The Keep Birth Control Copay Free campaign came to UNC on Friday in the Mission Control bus, its customized Airstream.
The Airstream parked outside of Davis Library from 10:30 a.m. to 4 p.m., and its team encouraged students and visitors to take part in the campaign to keep birth control copays free.
On Oct. 6, the Trump administration announced two new rules that would allow employers to stop covering birth control on grounds of moral or religious conflicts. These rules would roll back the birth control benefit included in the Affordable Care Act, which established birth control as preventative health care, making it and other preventive health care services copay free.
“We believe that the decision about whether or when to have children should lie with women and not with Congress, and so we began the Keep Birth Control Copay Free Campaign, which is designed to raise awareness about the critical importance of copay free contraception,” said April Reign, the digital strategist and spokesperson for the Keep Birth Control Copay Free campaign.
Reign said the Airstream is visiting various schools in North Carolina, Georgia, Florida and Virginia to empower women and men who are concerned about this health issue.
“I think one of the important points here is that many of the women that we are seeing on our college tour actually came of reproductive age during the Obama years, and so these women have never even had to think about paying for birth control, and so this could mean a significant difference to them financially and personally,” she said.
Outside of Davis Library, students were invited to enter the dorm-themed interior of the Airstream and engage in an iPad station allowing visitors to send comments to the Trump administration, as well as a specialized invoice generator.
The invoice generator, according to Reign, calculates the annual cost of a person’s preferred method of birth control and sends the bill to both the Trump administration and to the U.S. Department of Health and Human Services. The invoice language is also being sent to the federal register as an official comment opposing the new rules. The commenting period ends on Dec. 5, Reign said.
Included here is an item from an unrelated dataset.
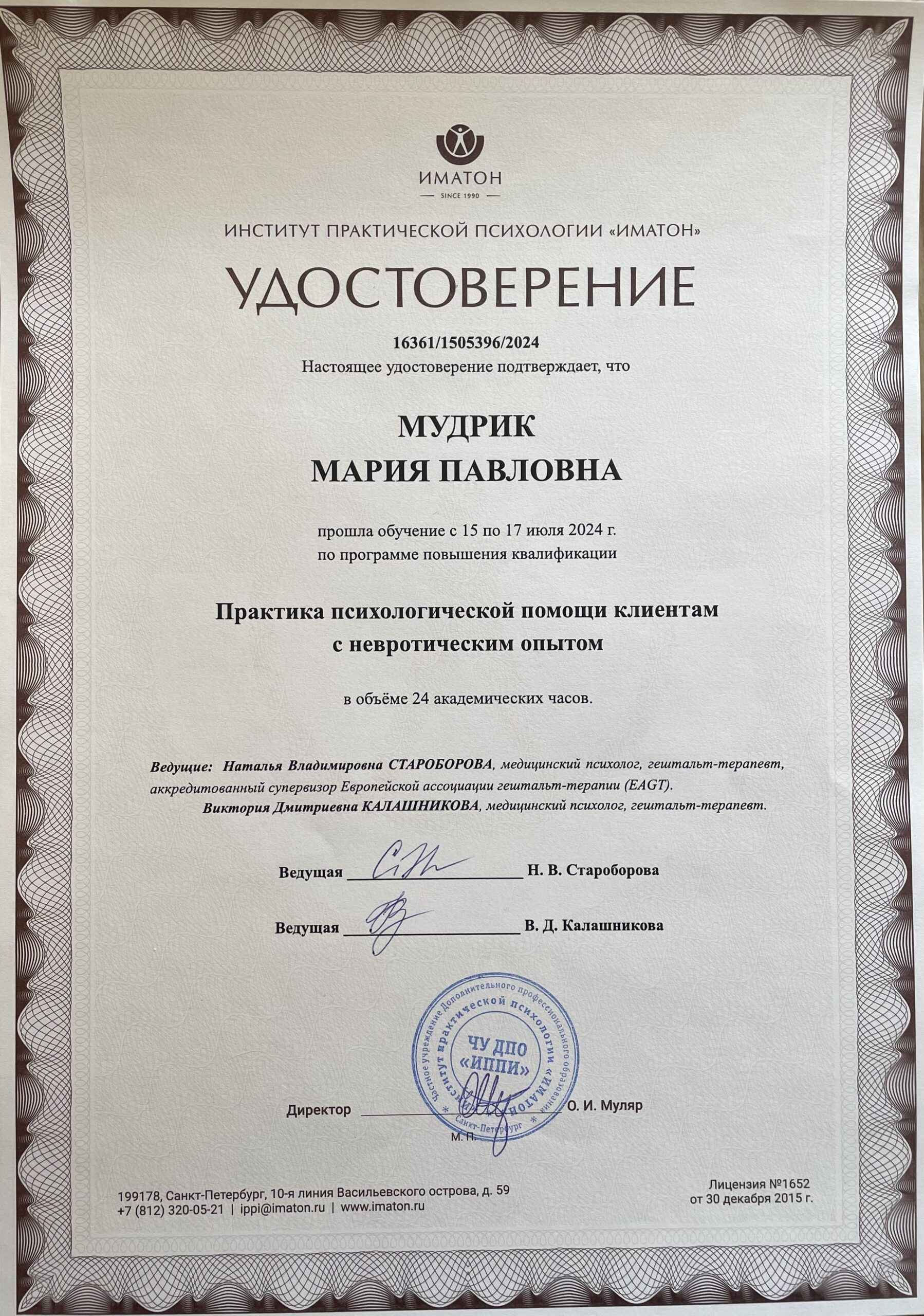 Мне 30 лет, я в профессии 2 года — и это значит, что я не работаю «по привычке», а внимательно и ответственно подхожу к каждому запросу. Я много учусь, люблю искусство, философию и психологию Юнга — всё это делает мою работу глубже и образнее.

Students could get a photo taken inside the Airstream, contribute their opinions to a chalkboard and take free stickers, pins, “Trump condoms” and tiny foam fingers.
Jameela Davis, a member of the team campaigning with the Airstream, said the goal is to flood the administration with as many invoices and petitions as they can.
Jonathan Perron, a business major, visited the bus and said his decision to sign the petition was based on his belief that this is women’s health issue.
“It’s up to them to have power over their own bodies, and it gives a little bit more autonomy and control to women, and that’s why I’m for it and that’s why I decided to sign the petition,” Perron said.
Hallie Smith, who was touring campus on Friday, expressed her support for what the campaign was doing.
“I have 11 grandchildren, and I want them to have any protection they need for whatever reason,” Smith said.